Parameterize $3x^2 + 4xy + 3y^2 = x+3y$

Question

I am calculating the curve that is formed by the graph between the function $$f(x,y)=3x^2+4xy+y^2$$ and the plane $$z=x+3y$$ Then I'm left with the equation $3x^2+4xy+y^2=x+3y$ that I want to parameterize but I'm stuck

Answer 1

put x=r cos A, y= r sin A. now when you put it you get a relation giving r in terms of angle A , find range of r.

Answer 2

You can write if $$xy\neq 0$$ $$3\frac{x}{y}+4+\frac{y}{x}=0$$ and now substitute $$t=\frac{x}{y}$$

Answer 3

Hint:

The equation is that of a conic and more precisely an ellipse. You can center and reduce it to the form

$$\lambda_0 x^2+\lambda_1 y^2=c$$ where the lambdas are the Eigenvalues of the matrix of quadratic coefficients. You will find that the Eigenvalues are $1,5$ and Eigenvectors are $(1,1)$ and $(1,-1)$ so that the centered equation reads

$$5(\cos t+\sin t)^2+(\cos t-\sin t)^2=c.$$

Hence the requested parametric equation reads

$$x=\sqrt5(\cos t+\sin t)+a,\\y=\cos t-\sin t+b$$ where the constants $a,b$ that can be found by plugging in the initial equation.

Answer 4

As you and maverick said, taking $$x=r\cos(\theta)$$ $$y=r\sin(\theta)$$ and knowing $x^2+y^2=r^2$ you can give a parametrization of this curve.

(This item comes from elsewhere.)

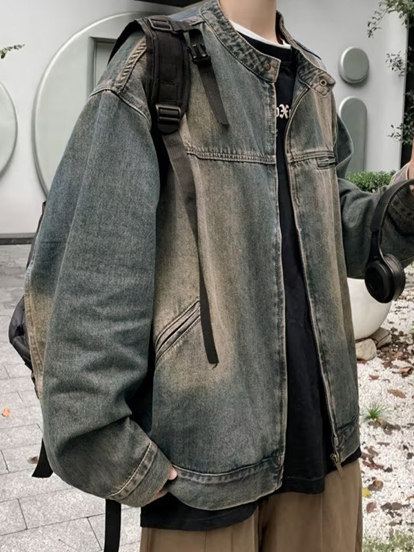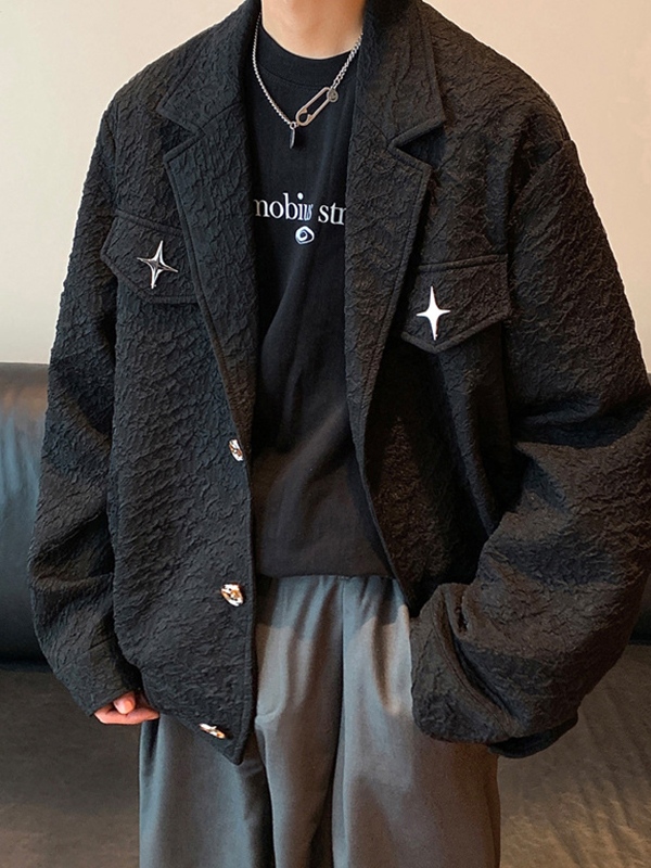 Men’s Textured Metal Star Decor Shawl Neck Jacket
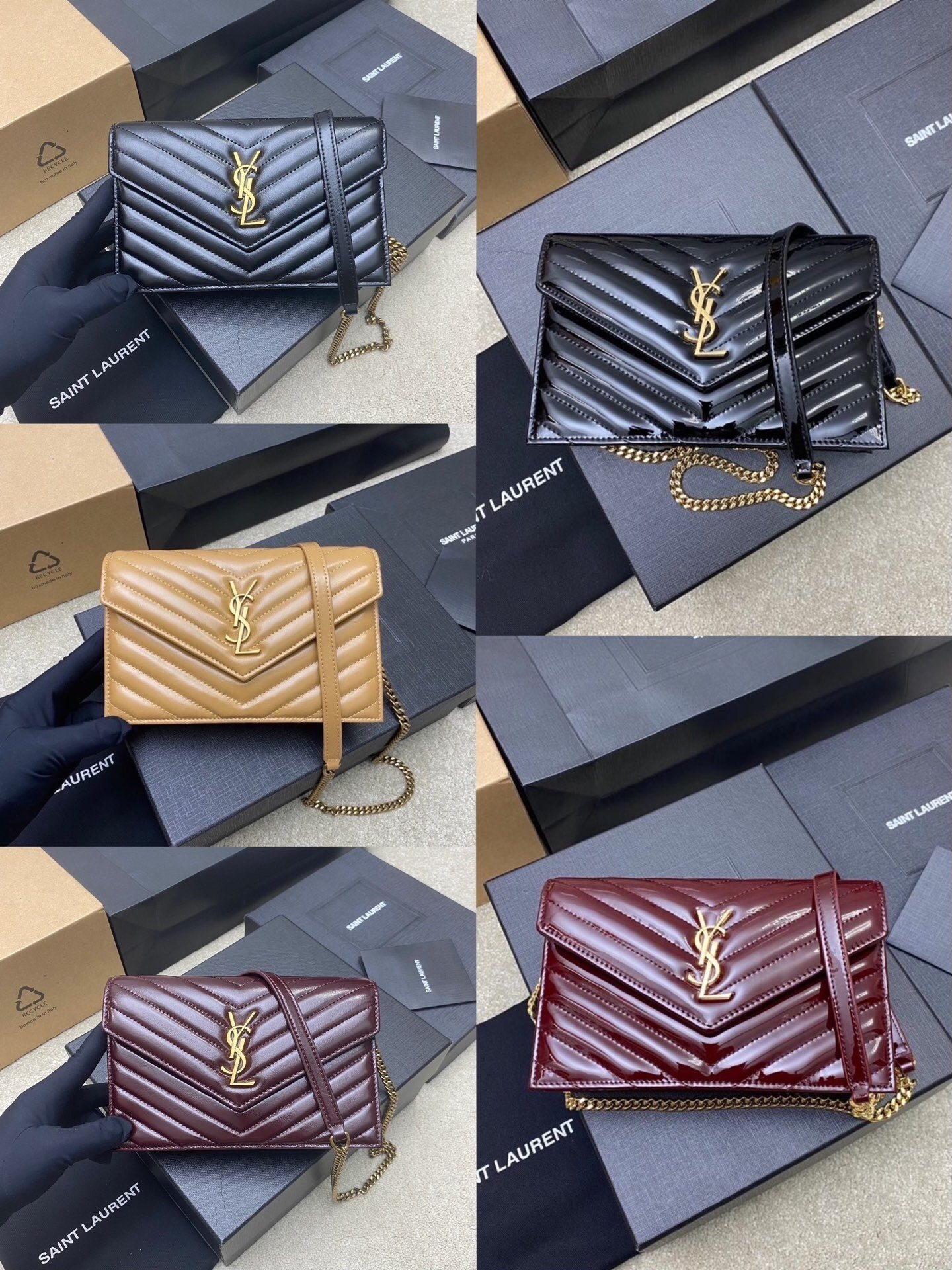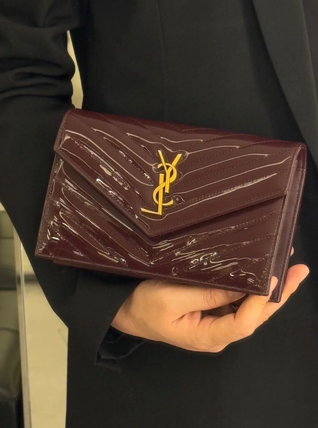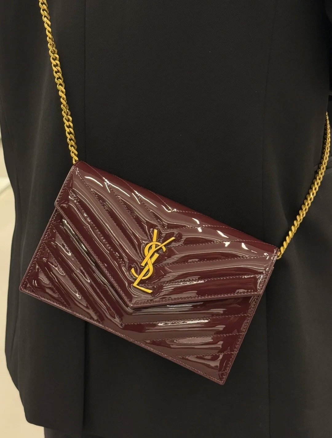 Saint Laurent Envelope Wallet on Chain in Quilted Patent Leather 19cm

$$3r^2\cos^2(\theta)+4r^2\cos(\theta)\sin(\theta)+r^2\sin^2(\theta)=r\cos(\theta)+3r\sin(\theta)$$

$$ r^2(1+2\cos^2(\theta)+4\cos(\theta)\sin(\theta))=r(\cos(\theta)+3\sin(\theta))$$ $$ r=\frac{\cos(\theta)+3\sin(\theta)}{1+2\cos^2(\theta)+4\cos(\theta)\sin(\theta)}$$

Hence you can parametrize your curve as:

$$ r(\theta)=\frac{\cos(\theta)+3\sin(\theta)}{1+2\cos^2(\theta)+4\cos(\theta)\sin(\theta)}$$

Remark: I do not know if this parametrization will be useful in your case, but it is a parametrization. Now, you need to define the range of $r$ related to the range of $\theta$ you have.